Now I wonder what your thoughts on this are. Is this a relevant problem to be aware of or just hogwash?

Comments

  • It is a decision you have to make for each book, sooner or later. Most don't lend themselves well for re-reading because they are not very dense. Even when you grow 10 years wiser, spending a couple of days to read a simple technical manual for the second time may not change your perspective enough to warrant the investment.

    Sascha tried to give some advice on the decision-making under the label of The Barbell Method of Reading: https://zettelkasten.de/posts/barbell-method-reading/

    So yeah, you can never really know, but you can apply heuristics like the Barbell Method to maximize the yield of your investment.

    Author at Zettelkasten.de • https://christiantietze.de/

  • I would say this depends strongly on the type of text and your purpose in reading it. For me, it is an issue to be aware of, but only with a small subset of texts and/or topics. If you feel you understand the text as you're reading it, 95% of the time you are probably correct and can rely on your notes in the future.

    I have had the experience of re-reading a text 10 years later and seeing new things in it. But I would say that this occurs infrequently and most commonly with complex theoretical texts.

    Also relevant is the issue of the degree of mastery you require from what you're reading. It matters whether you are trying to understand the conclusion of a text (level 1), understand the conclusion and the argument leading to it (level 2), or understand both as well as understanding it well enough to critique the argument (level 3).

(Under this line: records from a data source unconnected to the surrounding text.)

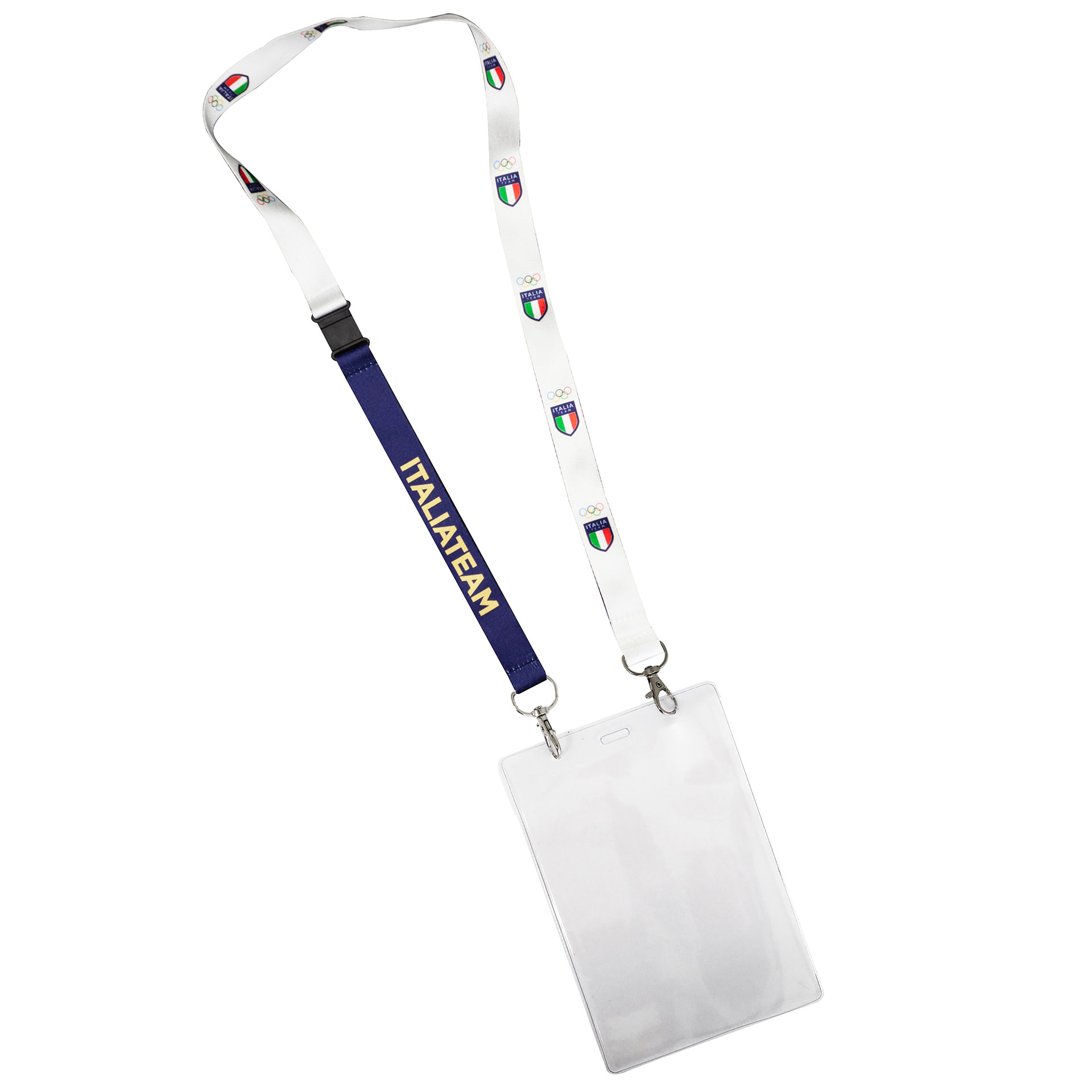 PORTAPASS CON BUSTINA NASTRO 20 MM OLYMPIC+ITALIA TEAM EMBLEMA COLORATI
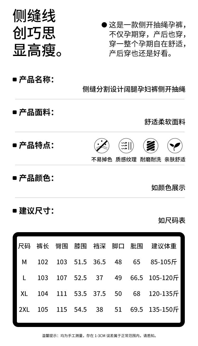 실사 새로운 높은 품질 빈 가스 층 패치워크 임산부 와이드 레그 팬츠 하이웨이스트 도루 센스 슬림해 보이는 펌프 로프 스트레이트 봄 가을
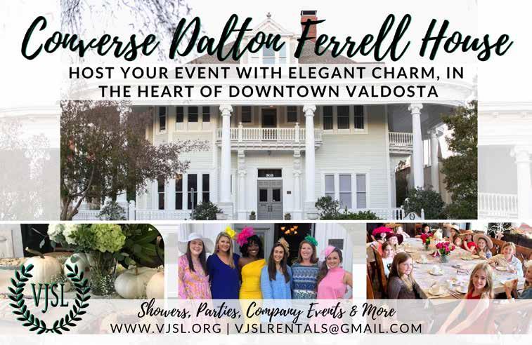 Valdosta Magazine is published quarterly by SHOWCASE PUBLICATIONS, INC. For information on advertising, submitting articles, or to subscribe: (912)-559-2045 – P.O. Box 391 Jesup, GA 31598 info@showcasepublicationsga.com Subscription rates in the U.S. are $15.00 annually. showcasepublicationsga.com @valdostamagazine All rights reserved. Copies or reproduction of this publication in whole or in part is strictly prohibited without expressed written authorization from the publisher. Every e ort is made to ensure the accuracy of the information contained herein. Advertising is subject to omission, errors and other changes without notice. The opinions expressed by the writers are not necessarily those of the publisher.

    One issue re: the "barbell method" is that it is not always obvious whether something is useful or not useful. Knowing how frequently a book is cited by other books in the field or whether people you respect value the book are (highly imperfect) heuristics for determining that in addition to your own subjective impression.

  • There is no functional difference between an argument that you made or someone else. Just the reference should be different.

  • I re-read stuff all the time. The text might not have changed, but I will have. I do not regard reading as information processing. I regard it as an interaction between the reader and the text. So you could advance the argument that my previous statement is incorrect, because if I have changed, in a sense the text has changed as well. If my perception of it is different, it is not the same text as it was before. But if we go down that route we get into deep water. And I'm not a good swimmer.

  • As others have mentioned, this definitely depends on the kind of source text.

    From my own experience in the natural sciences working with academic papers, I also find it crucial to re-read again an excerpt within its original context. In fact, I actually prefer to always view a quotation in its context. Reasons are that my own findings and knowledge changes over time, and I may view or interpret the source paper differently. Double checking the original source text also helps to prevent interpretation/citation errors which is crucial in the natural sciences.

    That said, I'm aware that this may vary significantly between disciplines and kinds of texts.

  • Thanks a lot for the feedback everybody and in particular the link to the barbell method, @ctietze. Much appreciated!

  • The main issue with re-reading is the reduced chance for finding something valuable. You can re-read a text and find something new or at least a new perspective on something already processed. But a new text will give you a better chance. It is about the opportunity cost.